● **DATA UNDER STUDY**:
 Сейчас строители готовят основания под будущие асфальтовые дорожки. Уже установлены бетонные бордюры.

* * *

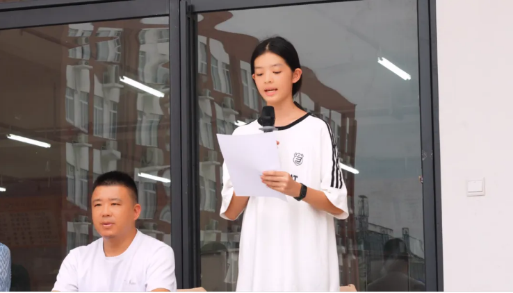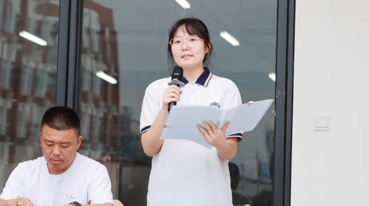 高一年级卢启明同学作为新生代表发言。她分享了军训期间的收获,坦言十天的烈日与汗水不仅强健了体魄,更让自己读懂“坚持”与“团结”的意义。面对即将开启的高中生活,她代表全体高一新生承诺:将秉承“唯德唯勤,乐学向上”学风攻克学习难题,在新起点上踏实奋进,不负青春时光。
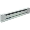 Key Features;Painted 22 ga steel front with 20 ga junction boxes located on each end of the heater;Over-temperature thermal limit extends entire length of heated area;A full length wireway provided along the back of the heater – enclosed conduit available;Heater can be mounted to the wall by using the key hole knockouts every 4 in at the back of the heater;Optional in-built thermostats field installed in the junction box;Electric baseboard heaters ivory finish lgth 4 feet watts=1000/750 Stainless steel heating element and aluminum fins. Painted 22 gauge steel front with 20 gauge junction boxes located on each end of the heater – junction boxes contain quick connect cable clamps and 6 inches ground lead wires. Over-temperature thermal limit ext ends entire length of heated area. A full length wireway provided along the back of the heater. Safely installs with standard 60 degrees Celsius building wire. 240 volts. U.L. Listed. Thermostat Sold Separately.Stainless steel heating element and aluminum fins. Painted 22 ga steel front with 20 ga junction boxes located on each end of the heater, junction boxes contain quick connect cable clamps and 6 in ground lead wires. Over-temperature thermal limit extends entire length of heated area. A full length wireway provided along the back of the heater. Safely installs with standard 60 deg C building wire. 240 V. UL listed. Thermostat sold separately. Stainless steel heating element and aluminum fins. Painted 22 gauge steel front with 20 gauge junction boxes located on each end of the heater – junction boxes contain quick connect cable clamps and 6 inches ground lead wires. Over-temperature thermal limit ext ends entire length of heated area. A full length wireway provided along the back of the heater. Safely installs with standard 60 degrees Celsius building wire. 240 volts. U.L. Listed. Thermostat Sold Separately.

==

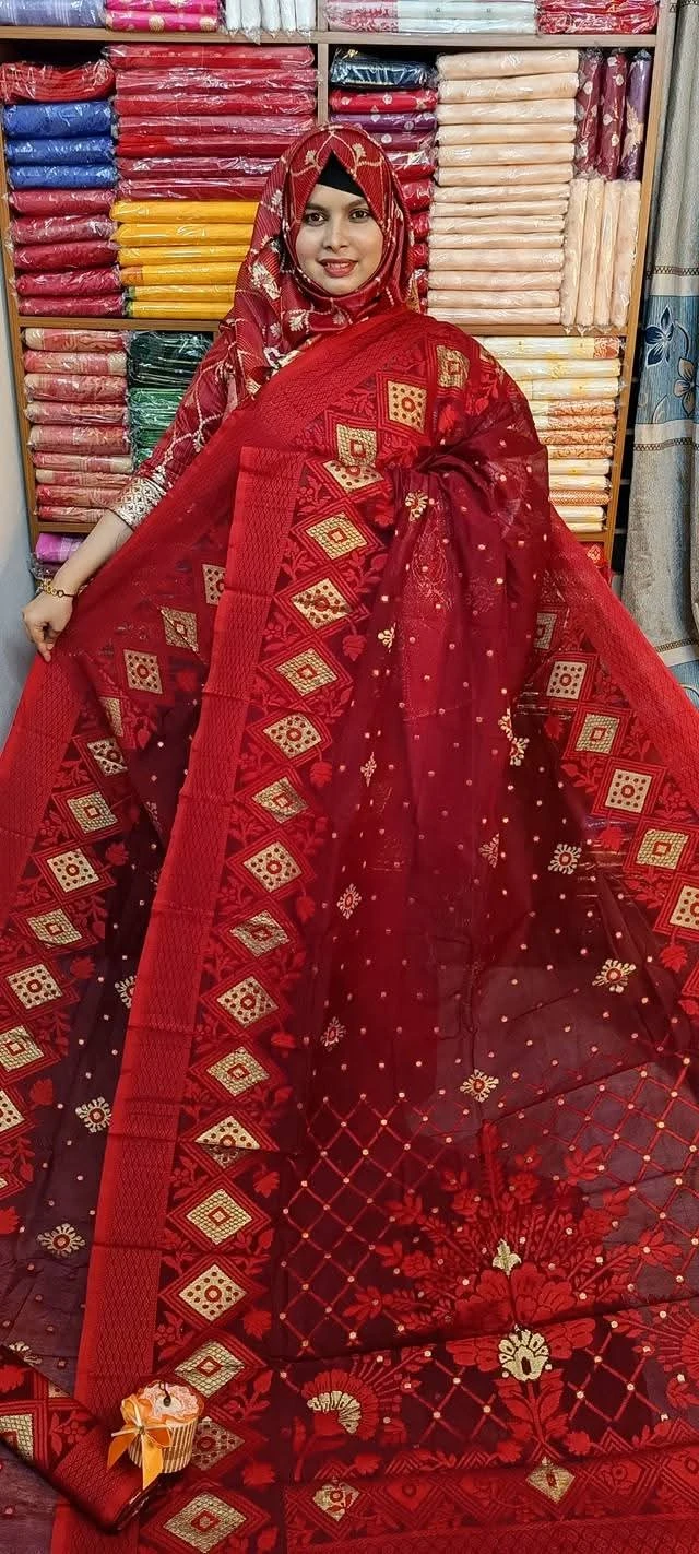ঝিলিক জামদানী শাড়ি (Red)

● **TRY IT**:
Would you copy the lines above exactly, starting with the one that has "高一年级卢启明同学作为新生代" and ending with the one that has "Key Features;Painted 22", both included, without the pictures?

● **EXERCISE ANSWER**:
 高一年级卢启明同学作为新生代表发言。她分享了军训期间的收获,坦言十天的烈日与汗水不仅强健了体魄,更让自己读懂“坚持”与“团结”的意义。面对即将开启的高中生活,她代表全体高一新生承诺:将秉承“唯德唯勤,乐学向上”学风攻克学习难题,在新起点上踏实奋进,不负青春时光。
 Key Features;Painted 22 ga steel front with 20 ga junction boxes located on each end of the heater;Over-temperature thermal limit extends entire length of heated area;A full length wireway provided along the back of the heater – enclosed conduit available;Heater can be mounted to the wall by using the key hole knockouts every 4 in at the back of the heater;Optional in-built thermostats field installed in the junction box;Electric baseboard heaters ivory finish lgth 4 feet watts=1000/750 Stainless steel heating element and aluminum fins. Painted 22 gauge steel front with 20 gauge junction boxes located on each end of the heater – junction boxes contain quick connect cable clamps and 6 inches ground lead wires. Over-temperature thermal limit ext ends entire length of heated area. A full length wireway provided along the back of the heater. Safely installs with standard 60 degrees Celsius building wire. 240 volts. U.L. Listed. Thermostat Sold Separately.Stainless steel heating element and aluminum fins. Painted 22 ga steel front with 20 ga junction boxes located on each end of the heater, junction boxes contain quick connect cable clamps and 6 in ground lead wires. Over-temperature thermal limit extends entire length of heated area. A full length wireway provided along the back of the heater. Safely installs with standard 60 deg C building wire. 240 V. UL listed. Thermostat sold separately. Stainless steel heating element and aluminum fins. Painted 22 gauge steel front with 20 gauge junction boxes located on each end of the heater – junction boxes contain quick connect cable clamps and 6 inches ground lead wires. Over-temperature thermal limit ext ends entire length of heated area. A full length wireway provided along the back of the heater. Safely installs with standard 60 degrees Celsius building wire. 240 volts. U.L. Listed. Thermostat Sold Separately.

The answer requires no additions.